HD 102839

Observation data Epoch J2000 Equinox J2000
- Constellation: Musca
- Right ascension: 11^{h} 49^{m} 56.61541^{s}
- Declination: −70° 13′ 32.8408″
- Apparent magnitude (V): 4.98

Characteristics
- Spectral type: G6Ib
- U−B color index: +1.22
- B−V color index: +1.40

Astrometry
- Radial velocity (R_{v}): +15.90 km/s
- Proper motion (μ): RA: −8.113 mas/yr Dec.: −0.834 mas/yr
- Parallax (π): 2.1101±0.1063 mas
- Distance: 1,550 ± 80 ly (470 ± 20 pc)
- Absolute magnitude (M_{V}): −2.33

Details
- Mass: 2.3 M_{☉}
- Radius: 78 R_{☉}
- Luminosity: 1,593 L_{☉}
- Surface gravity (log g): 0.63 cgs
- Temperature: 4,500 K
- Metallicity [Fe/H]: −0.34 dex
- Rotational velocity (v sin i): 7.6 km/s
- Other designations: CPD−69°1595, FK5 2945, GC 16206, HD 102839, HIP 57696, HR 4538, SAO 251604, GSC 09230-02344

Database references
- SIMBAD: data

= HD 102839 =

Star in the constellation Musca

HD 102839 is a yellow hued supergiant star in the southern constellation of Musca. With an apparent visual magnitude of 4.98, it is faintly visible to the naked eye under good viewing conditions. Based on a parallax of 2.11 mas, it is located at a distance of approximately 1550 ly away from Earth. The star is drifting further away with a line of sight velocity component of +16 km/s.

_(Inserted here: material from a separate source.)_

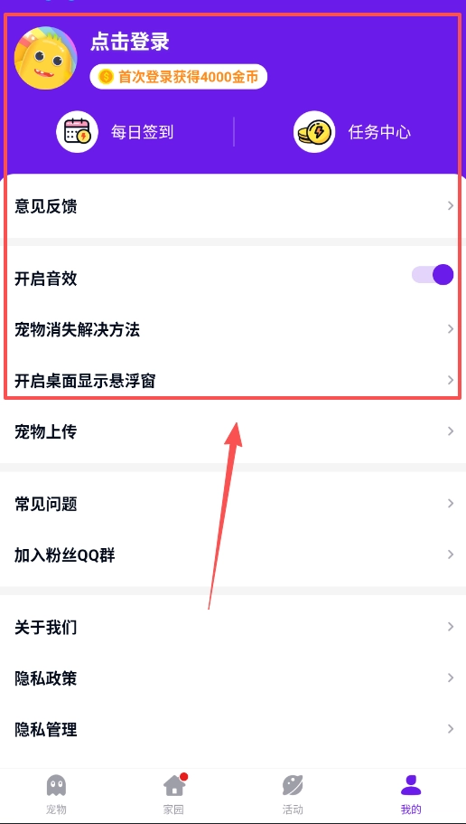 一、打开软件后,先点击右下角的“我的”。在这里,你可以完成登录操作,还能每日签到领取金币,也可以在任务中心做任务获取奖励,像宠物消失这类问题也能在这里得到解决哦。
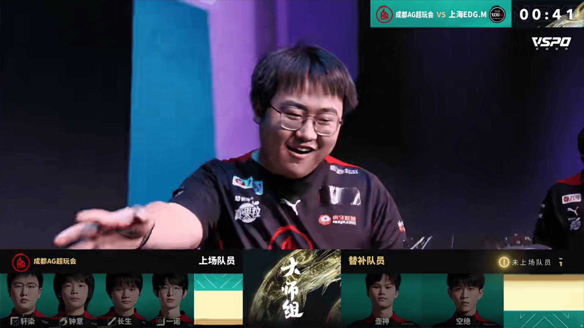 成都AG超玩会对阵上海EDG.M第四局比赛中,比赛出现暂停情况

This star has a stellar classification of G6Ib, matching an evolved G-type supergiant star. With 2.3 times the mass of the Sun, it has expanded to 78 times the Sun's radius. It is spinning with a projected rotational velocity of 7.6 km/s. HD 102839 is radiating almost 1,600 times the luminosity of the Sun from its enlarged photosphere at an effective temperature of 4,500 K.